About this task: Reproduce the listing below in full and exactly; no pictures belong in the copy.

Given data:
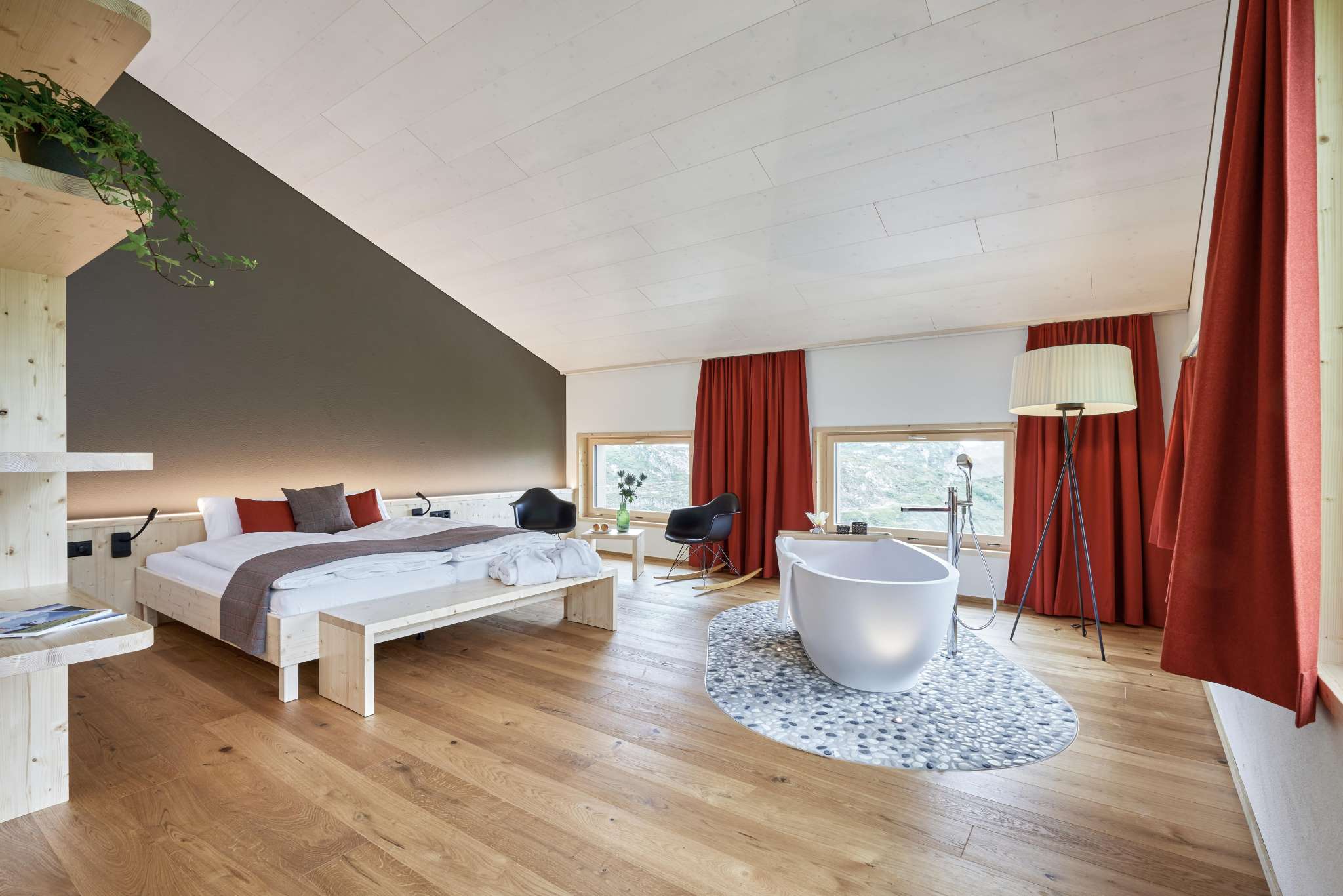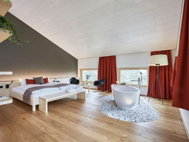 Stilvoll eingerichtete Zimmern im Alpine-Style - einfach heimelig. Hier soll es an nichts fehlen. Stärke dich bei einem reichhaltigen, hochwertigen Frühstücksbuffet, bevor es hinausgeht in die wunderbare Bergwelt.
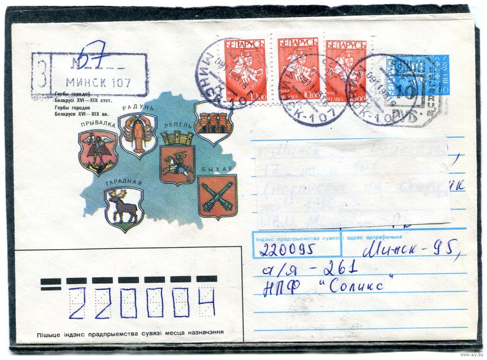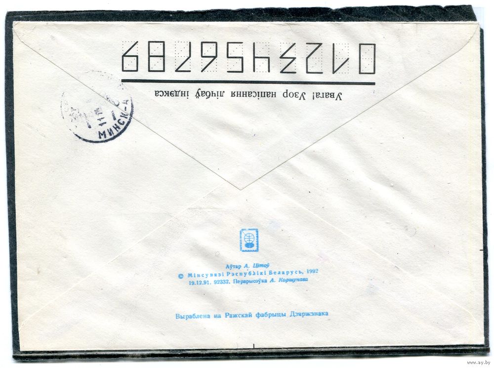Беларусь. ХМК. Конверт п.п. Заказное. Штемпель переоценки. Провизорий. Гашение Минск 1993
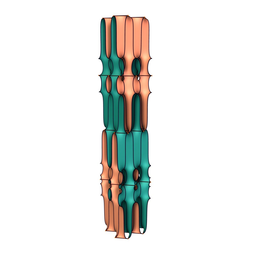The deformation family of this surface imperceptibly moves the small handle up and down. One of the limits is an exotic Karcher-Scherk surface whose existence has not been established. The divisor of the squared Gauss map is below.
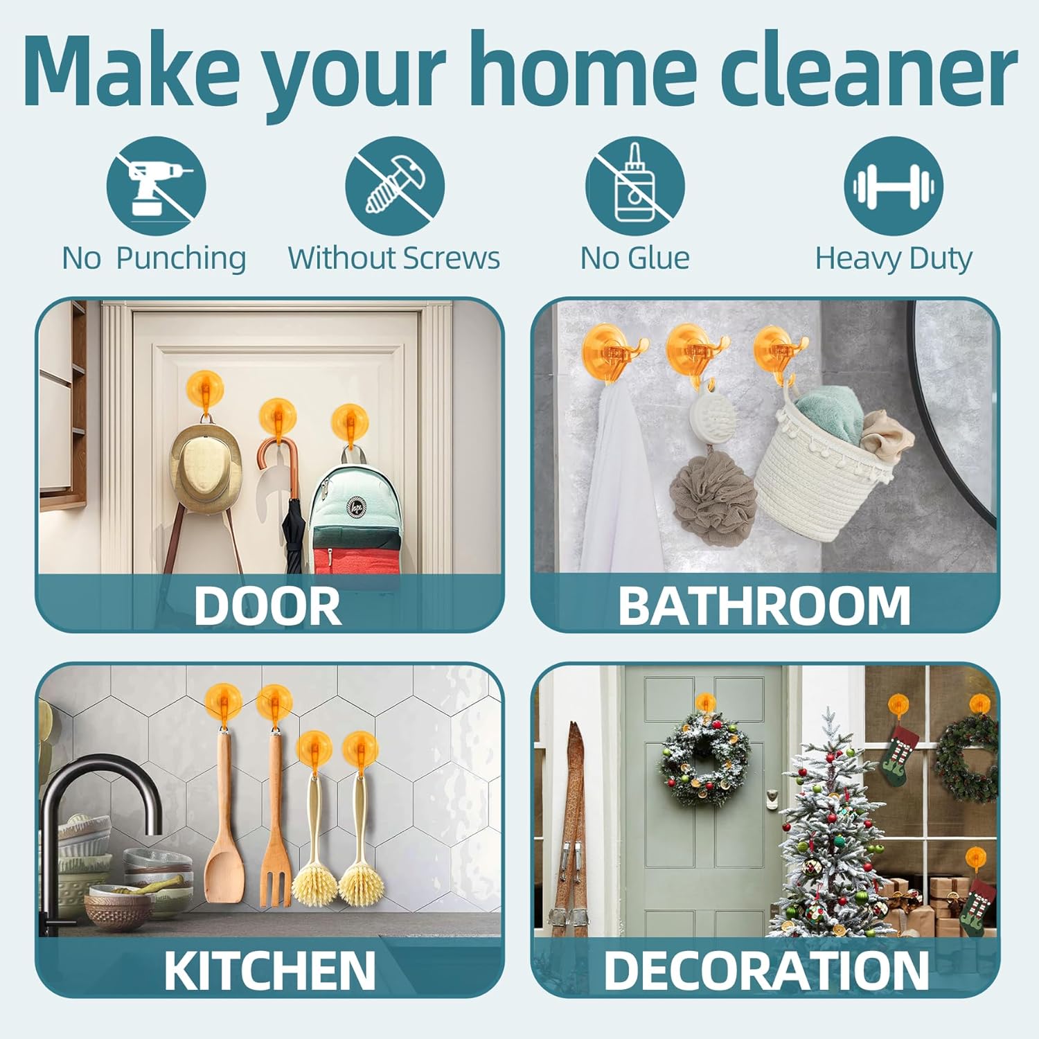 - 【Clear Hard Plastic】The Clear Suction Cup Hooks is made of premium plastic, no rust, no deformation, can perfectly organize your shower wall. Unlike Other brand in the market our suction cup hook is anti-hot-water max 158°F so your don't worry about falling off when shower hot water. Your can use it to hanging loofa, bath sponge, towel, robe, brush, clothes and more. Also suitable for outdoor glass windows Christmas wreath hanger

Task result:
 Stilvoll eingerichtete Zimmern im Alpine-Style - einfach heimelig. Hier soll es an nichts fehlen. Stärke dich bei einem reichhaltigen, hochwertigen Frühstücksbuffet, bevor es hinausgeht in die wunderbare Bergwelt.
Беларусь. ХМК. Конверт п.п. Заказное. Штемпель переоценки. Провизорий. Гашение Минск 1993
The deformation family of this surface imperceptibly moves the small handle up and down. One of the limits is an exotic Karcher-Scherk surface whose existence has not been established. The divisor of the squared Gauss map is below.
 - 【Clear Hard Plastic】The Clear Suction Cup Hooks is made of premium plastic, no rust, no deformation, can perfectly organize your shower wall. Unlike Other brand in the market our suction cup hook is anti-hot-water max 158°F so your don't worry about falling off when shower hot water. Your can use it to hanging loofa, bath sponge, towel, robe, brush, clothes and more. Also suitable for outdoor glass windows Christmas wreath hanger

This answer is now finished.